Miran didn't argue. He didn't even blink.
Instead, he reached down, his large hand wrapping around my upper arm. His grip was firm, bordering on painful, as he hauled me to my feet in one fluid motion. I stumbled, my balance still wrecked by the simulated derailment, and ended up chest-to-chest with him for the second time in twenty minutes.
I tried to pull away, but he didn't let go. His other hand came up, not to strike me, but to tilt my chin up with his thumb and forefinger. It was a gesture of absolute dominance. His thumb brushed against the edge of the bruise on my neck—the mark he had left the night before in that dark alleyway.
The air in the room felt suddenly heavy, thicker than the simulated smoke of the train. The tension wasn't just professional anymore; it was something jagged, magnetic, and deeply wrong.
"You're shivering," Miran murmured. It wasn't a question; it was an observation of my weakness.
"It's the haptic feedback," I lied, my voice betraying me by dropping to a desperate whisper. "The suit... the nervous system override hasn't powered down all the way. It's a physiological response."
"Is that right?" He leaned in just an inch closer, his shadow swallowing me. I could see the flecks of silver in his blue eyes, cold as a Siberian winter. "Then why is your heart trying to break out of your ribs? That isn't the suit, Seol-wol. That's your pulse."
My breath hitched. I wanted to push him away. I wanted to tell him that I hated his eyes, hated his grip, and hated the way he made the world feel small and suffocating.
But my hands stayed frozen against his chest, feeling the steady, rhythmic beat of a man who was never afraid. He was a mountain, and I was just the wind breaking against him.
"Vitals are stabilizing," Borislav's voice interrupted, sounding bored as he watched our biometric data on his screens. "Go to the medical wing. Get your haptic burns treated.
You have four hours before the next analysis. Don't be late, or I'll consider you a casualty of the training."
Miran released me so abruptly I nearly fell again. He turned toward the exit, the cylinder still gripped in his hand.
"Wait," I called out, my voice finally finding its strength as he reached the door. "Why did you catch me? In the dark zone. You told me you'd let the sensors fry me if I tripped."
Miran paused, his silhouette cutting a sharp, dark line against the bright lights of the hallway. He didn't look back. He didn't even tilt his head.
"A dead thief can't open the vault, Seol-wol," he said coldly. "Don't mistake utility for interest. You are a tool. If the tool breaks before the job is done, it's a waste of my time."
He disappeared into the hall, the heavy door hissing shut behind him.
"Utility, my ass," Junseo muttered from the floor, finally pushing himself up and rubbing his chest where the shock had hit him.
"Hyung, did you see his face? The way he looks at you... it's like he's trying to decide whether to kill you or keep you in a cage. I don't like it. He's looking at you like you're something he owns, not a teammate."
"He doesn't own anything," I said, though the words felt hollow in my mouth.

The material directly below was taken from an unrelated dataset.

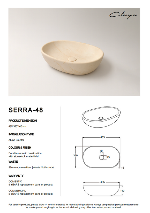 Serra-48 Above Counter Basin Matte Stone Marble

I helped Junseo up, and we limped toward the medical wing. The hallways were silent, the other teams having already been "filtered" or sent to their own recovery wards. The medical wing was a sterile white nightmare, smelling of antiseptic and burnt hair.

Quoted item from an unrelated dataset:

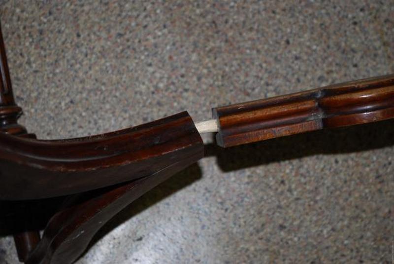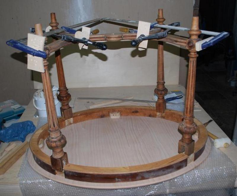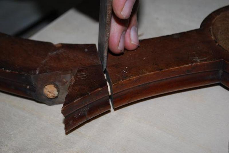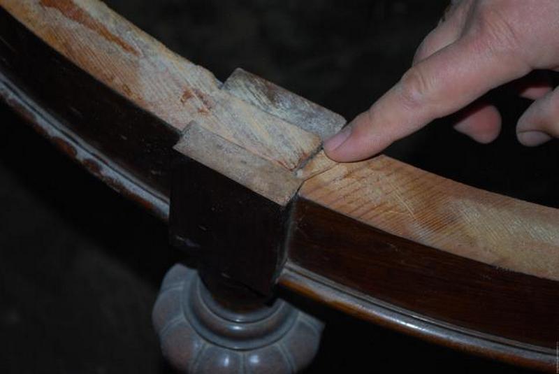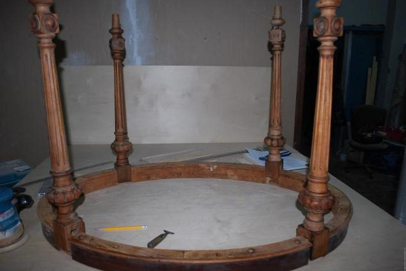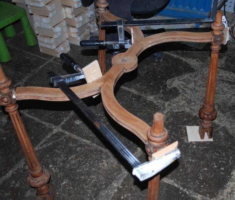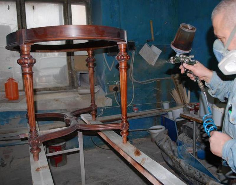 Проведение первичного ремонта всей конструкции (данный этап касается восстановления целостности изделия: к примеру, для обеденного стола работа будет заключаться в ремонте каркаса, для письменного – в ремонте каркаса, полочек, ящиков).

As the droids scanned Junseo for internal nerve damage, I sat on the edge of a high metal cot, staring at the floor. My skin still felt hot where Miran had touched me. My chin still felt the ghost of his fingers.

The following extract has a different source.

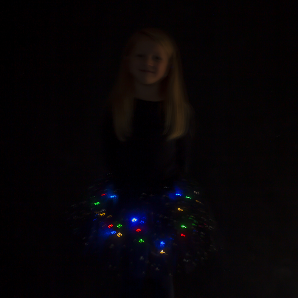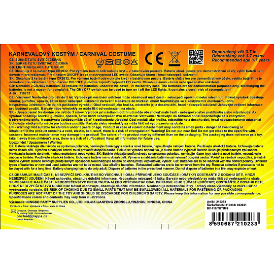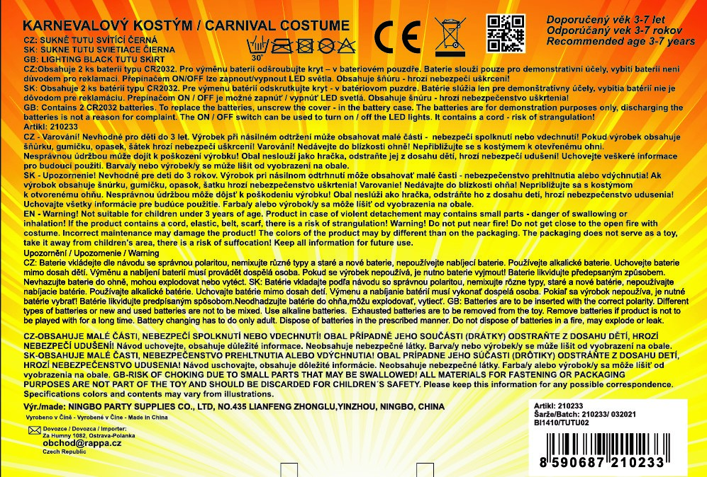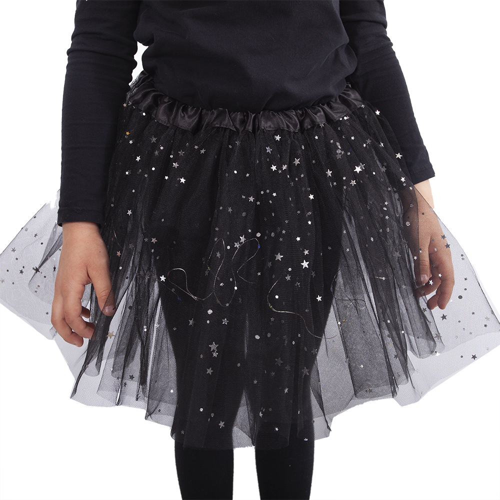 Úchvatná sukně tutu pro všechny malé parádnice! Sukýnka černé barvy je určena pro holčičky ve věkovém rozmezí 3-7 let (104-146 cm). Nadýchaná tylová suknička je zdobena saténovou gumou a zdobena flitry, součástí jsou barevná světýlka, která po zapnutí svítí. Baterie jsou součástí. Délka sukně cca 32 cm.

I was starting to realize that the "cull" wasn't the most dangerous thing in this facility. It wasn't the turrets, the lasers, or Borislav's cruelty.
The most dangerous thing was the way Miran Konstantinov was starting to feel like the only solid thing in a world made of holograms and lies. And even worse? I was starting to wonder what it would feel like if his "interest" was actually real.